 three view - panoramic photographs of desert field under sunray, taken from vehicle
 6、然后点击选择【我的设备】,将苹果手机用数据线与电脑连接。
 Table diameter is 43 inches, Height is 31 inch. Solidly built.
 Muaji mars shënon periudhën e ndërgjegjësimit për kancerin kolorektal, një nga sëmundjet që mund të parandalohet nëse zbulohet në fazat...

---

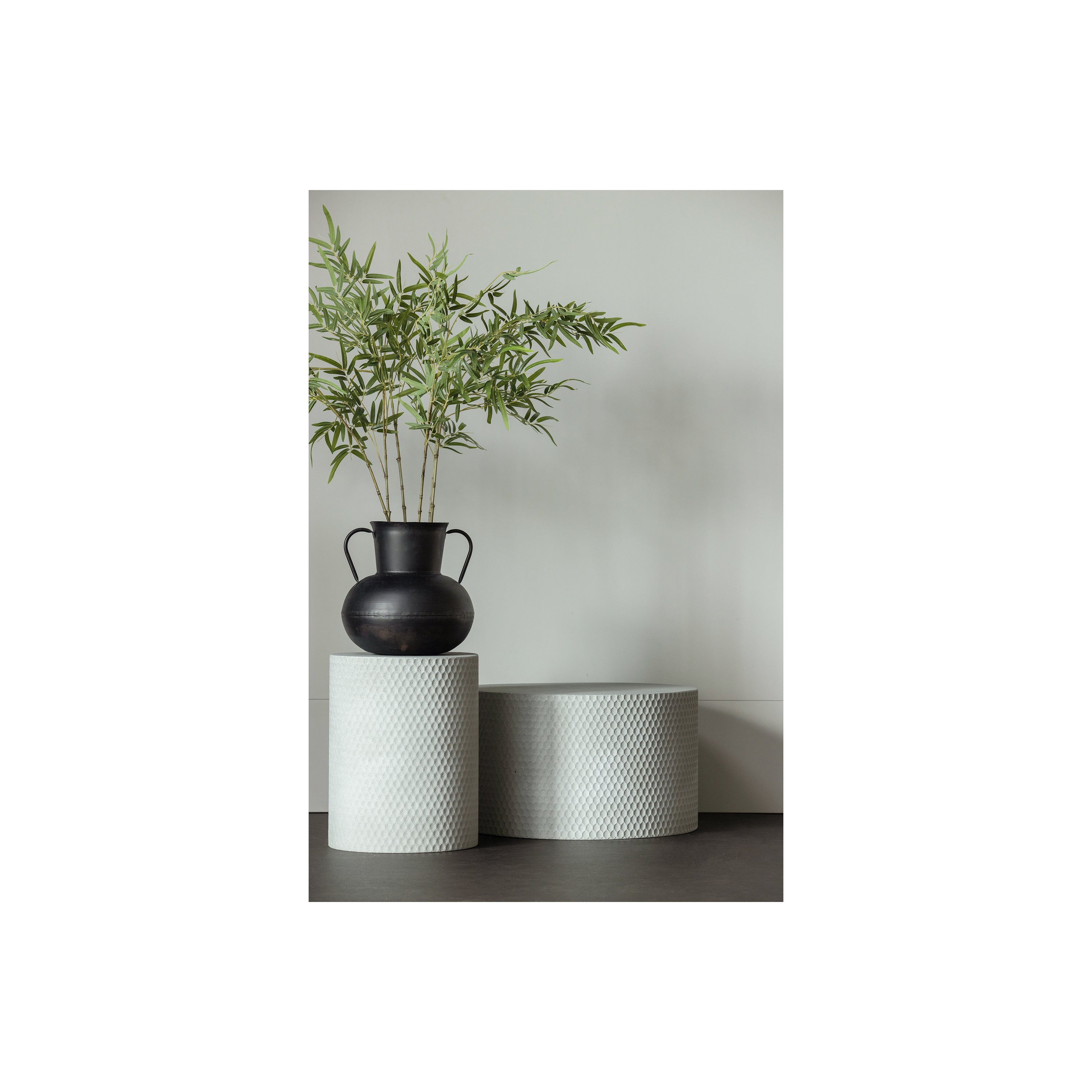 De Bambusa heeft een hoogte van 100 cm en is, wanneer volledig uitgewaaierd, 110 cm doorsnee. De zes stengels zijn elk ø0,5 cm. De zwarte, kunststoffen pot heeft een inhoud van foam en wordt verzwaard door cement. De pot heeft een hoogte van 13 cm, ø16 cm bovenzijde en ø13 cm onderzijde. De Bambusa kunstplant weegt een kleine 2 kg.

==

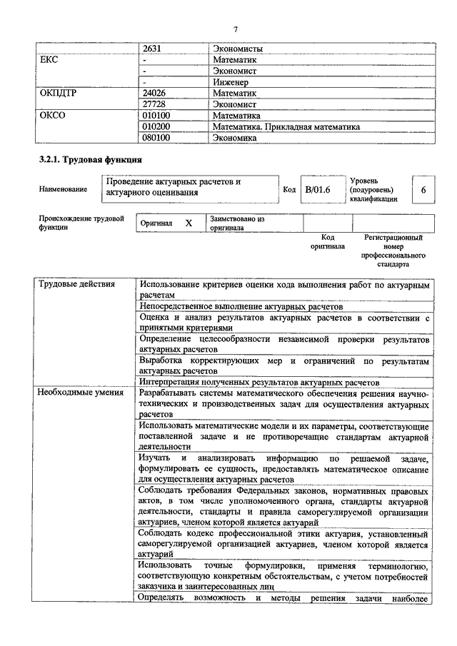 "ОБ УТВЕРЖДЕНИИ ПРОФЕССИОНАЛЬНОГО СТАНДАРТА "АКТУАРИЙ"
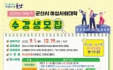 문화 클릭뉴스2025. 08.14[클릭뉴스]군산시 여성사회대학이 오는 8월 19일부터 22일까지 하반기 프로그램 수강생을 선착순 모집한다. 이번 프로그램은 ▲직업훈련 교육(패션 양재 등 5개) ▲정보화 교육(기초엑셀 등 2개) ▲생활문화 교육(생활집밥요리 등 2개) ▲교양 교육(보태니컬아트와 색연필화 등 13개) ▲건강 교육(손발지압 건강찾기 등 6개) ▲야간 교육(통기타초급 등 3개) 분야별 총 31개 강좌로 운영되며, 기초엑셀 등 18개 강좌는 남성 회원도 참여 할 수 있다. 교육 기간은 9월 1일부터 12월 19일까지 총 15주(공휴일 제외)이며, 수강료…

▶ **WHAT IS BEING ASKED**: Only the lines from the one containing "three view - panoramic" through the one containing "Table diameter is" are to be retyped, both boundary lines included, with no other material.

▶ **ANSWER TO THE EXERCISE**:
 three view - panoramic photographs of desert field under sunray, taken from vehicle
 6、然后点击选择【我的设备】,将苹果手机用数据线与电脑连接。
 Table diameter is 43 inches, Height is 31 inch. Solidly built.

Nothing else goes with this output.